Shares of cannabis grower Tilray Inc. (NASDAQ: TLRY) have dropped by about 57.3% over the past year. While Canadian pot growers continue to wait for the United States to remove marijuana from the nation’s list of dangerous drugs, they have run into problems of oversupply, falling prices and the strong U.S. dollar. Tilray, the largest Canadian firm, with a market cap of around $1.8 billion, has been diversifying by acquiring craft brewers and expanding in international markets. The company reports results first thing Friday morning.

Of 20 analysts covering the stock, 13 have a Hold rating and four rate the shares at Buy. At a share price of $3.00, the upside potential to the median price target of $4.00 is 33.3%. At the high price target of $12.00, the upside potential is 300%.
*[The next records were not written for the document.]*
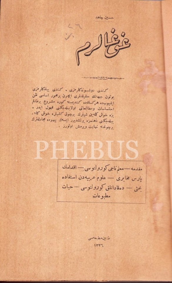 Osmanlıca 7 kitap tek ciltte: Gavgalarım, Hüseyin Câhid, Tanîn Matbaası, 1326, 333 syf.; Efsâneler, Hâlid Fahri, Mahmud Bey Matbaası, İstanbul 1919, 40 syf.; Fırtına ve Kar, Orhan Seyfi, Ahmediye Matbaacılık Şirketi, 1919, 40 syf.;
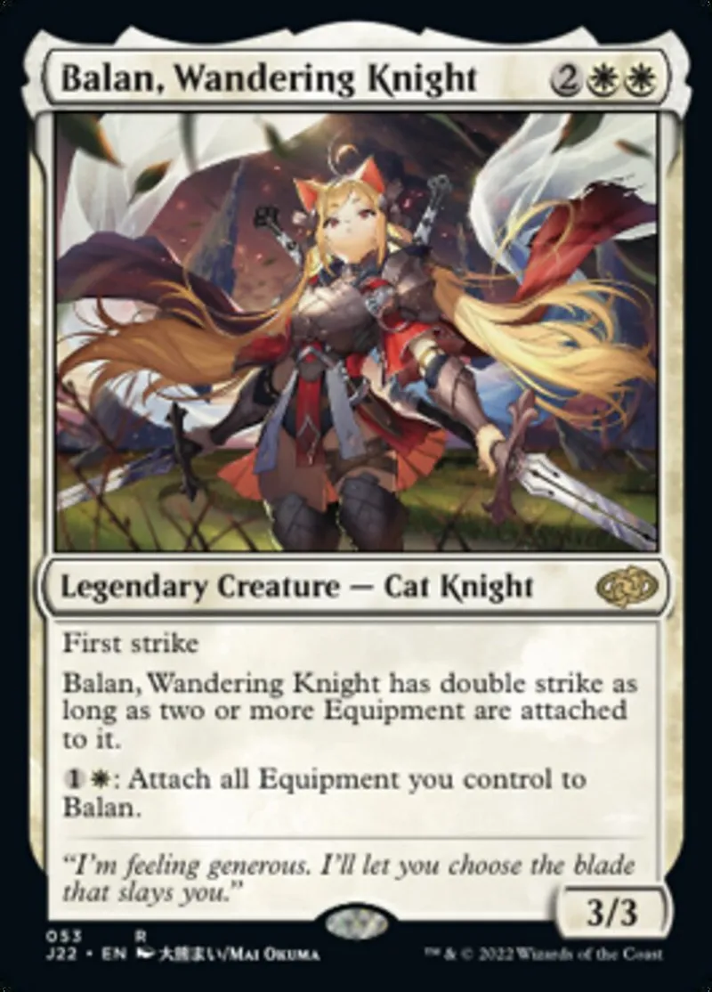 Magic: the Gathering (mtg) rare Legendary Creature — Cat Knight Balan, Wandering Knight from Jumpstart 2022 (j22) last updated 2026-02-24 14:25:32
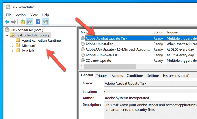 - After a few moments, the **Task Scheduler **window will open. From here, you’ll be able to view a list of scheduled tasks on your PC, used by Microsoft and third-party services and apps. For instance, the **Adobe Acrobat Update Task **is scheduled to run every day and after each sign in. These are separated by categories on the right (For instance, **Microsoft **for tasks scheduled by Windows or Office services).
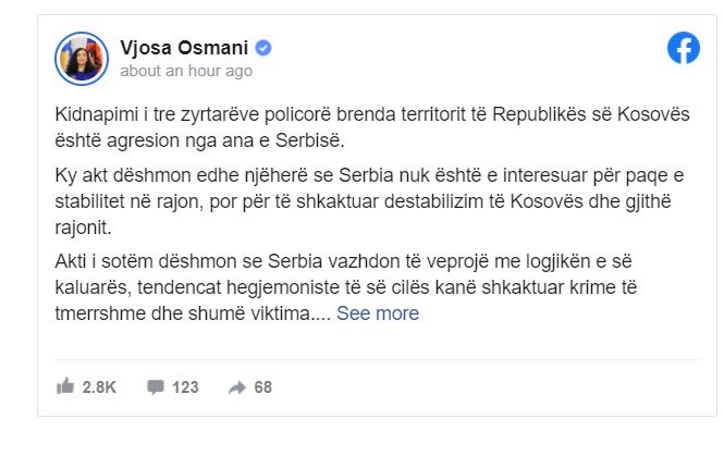Presidentja Osmani në postimin e saj në Facebook ka thënë se ky akt dëshmon edhe njëherë se Serbia nuk është e interesuar për paqe e stabilitet në rajon, por për të shkaktuar destabilizim të Kosovës dhe gjithë rajonit.
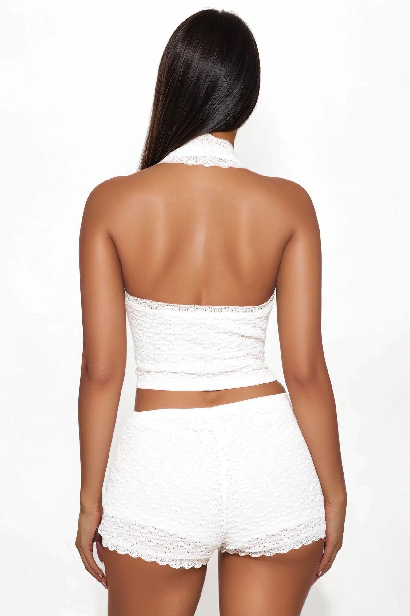 Sugar Dreams Lace Halter Micro Short Set - White Female
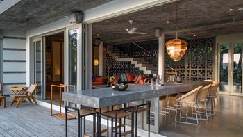 Tamarind Sands ist eine schicke, moderne und ultra-komfortable Villa an der Südküste Sri Lankas. Perfekt am östlichen Rand einer wunderschönen Sandbucht gelegen, haben die Gäste direkten Zugang zum weichen, goldenen Sandstrand darunter, während die Aussicht auf Sonnenaufgang und Sonnenuntergang von der Villa einfach spektakulär ist. Folgen Sie dem Soundtrack des Ozeans durch den Flur, vorbei an der Küche, in der der qualifizierte Koch und sein Team alle Mahlzeiten mit Zutaten von lokalen Bauern und Märkten zubereitenund einschließlich köstlicher Obstplatten und Picknicks am Strand, wenn Sie möchten – und in den offenen Grundriss Wohnbereich. Dieser ist mit superweichen Sitzgelegenheiten für Entspannung im Innenbereich und einem langen Esstisch ausgestattet, der sich auf die Terrasse mit Blick auf den atemberaubenden Indischen Ozean erstreckt. Dessen malerische Terrasse ist mit eleganten Holzliegen und Sonnenschirmen ausgestattet und befindet sich neben dem einladenden Infinity-Pool (mit Kinderbereich), wo Sie die Aussicht über den tropischen Garten genießen können.
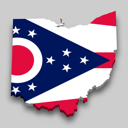 3d isometric Map of Ohio is a state of United States with national flag
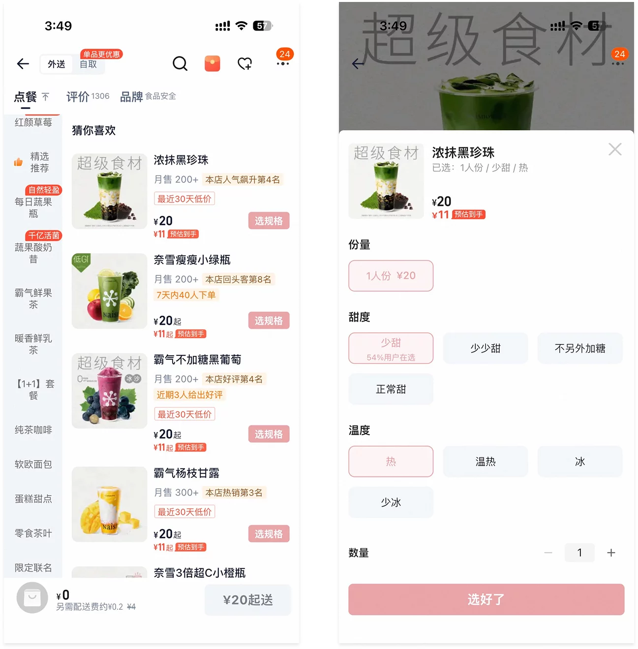 在点餐列表页,核心的行动号召(CTA)按钮「选规格」变成了浅粉色背景配白色文字。进入商品详情页后,规格选择项在选中状态下也采用了同样的粉色边框和文字。最关键的是,在用户完成所有选择后,底部的确认按钮「选好了」也使用了这个粉色作为填充色。
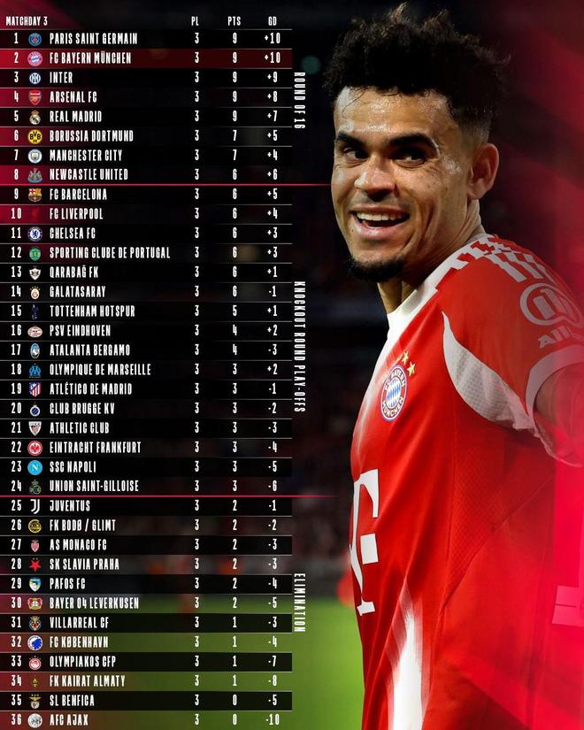 北京时间10月23日,在欧冠联赛阶段第3轮的比赛中,拜仁慕尼黑主场4-0大胜布鲁日,目前他们以三战全胜的成绩位列积分榜的第二位,赛后这家德甲豪门官方也在社交媒体上晒出了欧冠的积分榜,预热他们下一轮与巴黎圣日耳曼的焦点战。

For Tilray’s first quarter of fiscal 2023, analysts are looking for revenue of $157.78 million, up 2.9% sequentially but down 6.1% year over year. Analysts expect the company to post a loss per share of $0.07, flat sequentially and year over year. For the full fiscal year ending in May, analysts forecast a loss per share of $0.23, compared to last year’s loss per share of $0.31. Full-year sales are expected to rise by 5.6% to $663.57 million.

Tilray is not expected to post a profit in 2023, 2024 or 2025. The company’s sales to enterprise value multiple is 3.2 times in 2023, 2.7 times in 2024 and 2.4 times in 2025. The stock’s 52-week range is $2.65 to $113.95. Tilray does not pay a dividend, and the total return to shareholders last year was negative 72.1%.